Effects of exogenously applied NRG1 on LTP in wild-type and NRG1(ΔEGF)^+/− slices. A, NRG1β1 was applied to wild-type slices at varying concentrations for 30 min after a stable baseline of at least 10 min was achieved. LTP was induced as described previously by a tetanic train. NRG1β1 inhibited tetanus-induced LTP in wild-type slices, ∼50% at 0.1 nm (n = 18), and completely ablated it at 1 nm (n = 8). B, NRG1β1 enhanced tetanus-induced LTP at low concentrations (0.1 nm; n = 9) in NRG1(ΔEGF)^+/− slices but inhibits LTP at higher concentrations of 1 nm (n = 8) and 10 nm (n = 5).

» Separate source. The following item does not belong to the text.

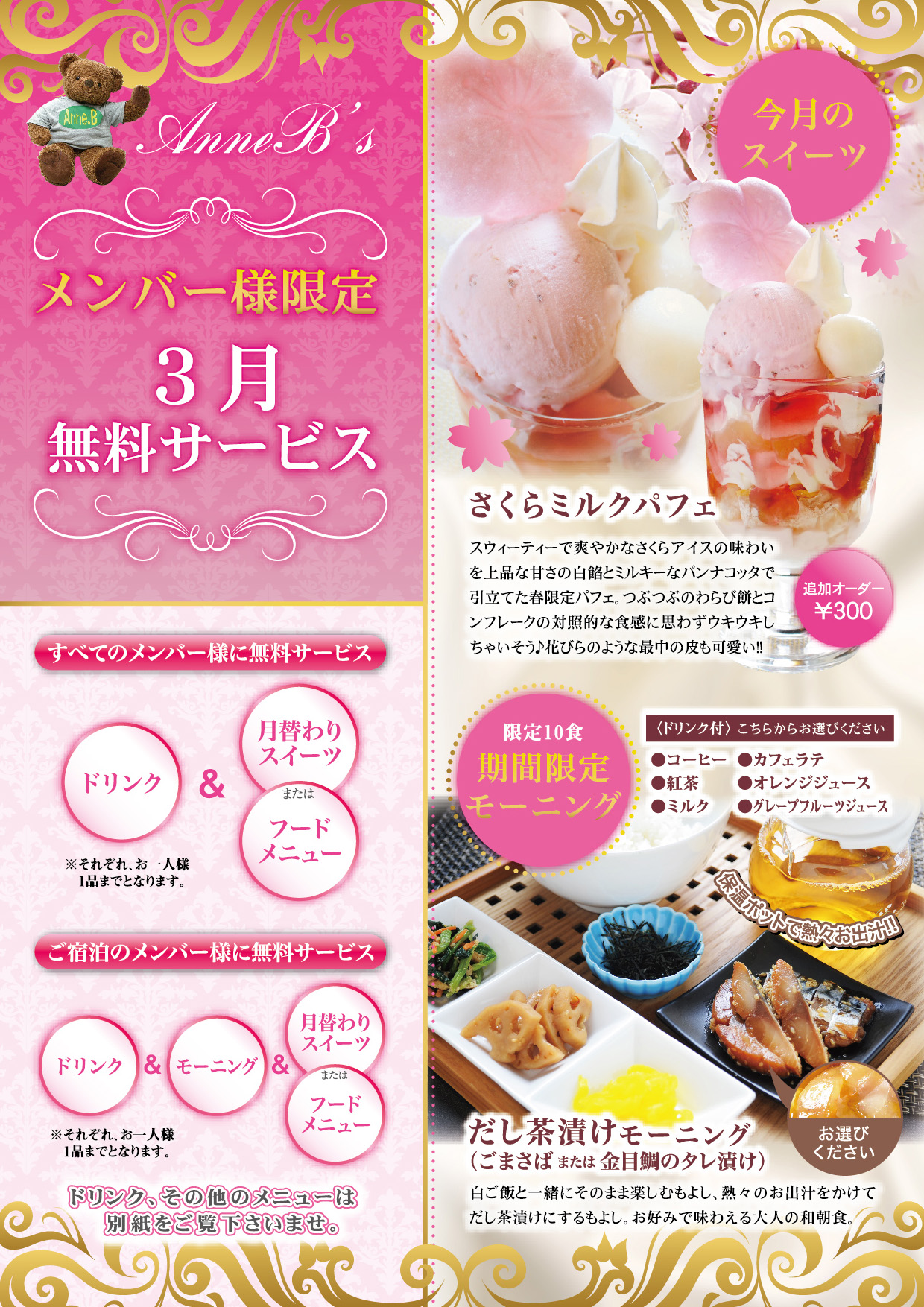 待ちに待った春の到来!アンBの無料メニューも春色に大変身!!

C, NRG1β1 inhibited theta-burst-induced LTP in wild-type slices, ∼50% at 0.1 nm (n = 4) and completely at 1 nm (n = 4). D, Acute treatment with NRG1β1 dose-dependently reversed deficits in theta-burst-induced LTP in NRG1(ΔEGF)^+/− slices. The deficit was partially ameliorated with 0.1 nm (n = 11) and 10 nm (n = 5) NRG1β1 and was maximally reversed with 1 nm NRG1β1 (n = 15).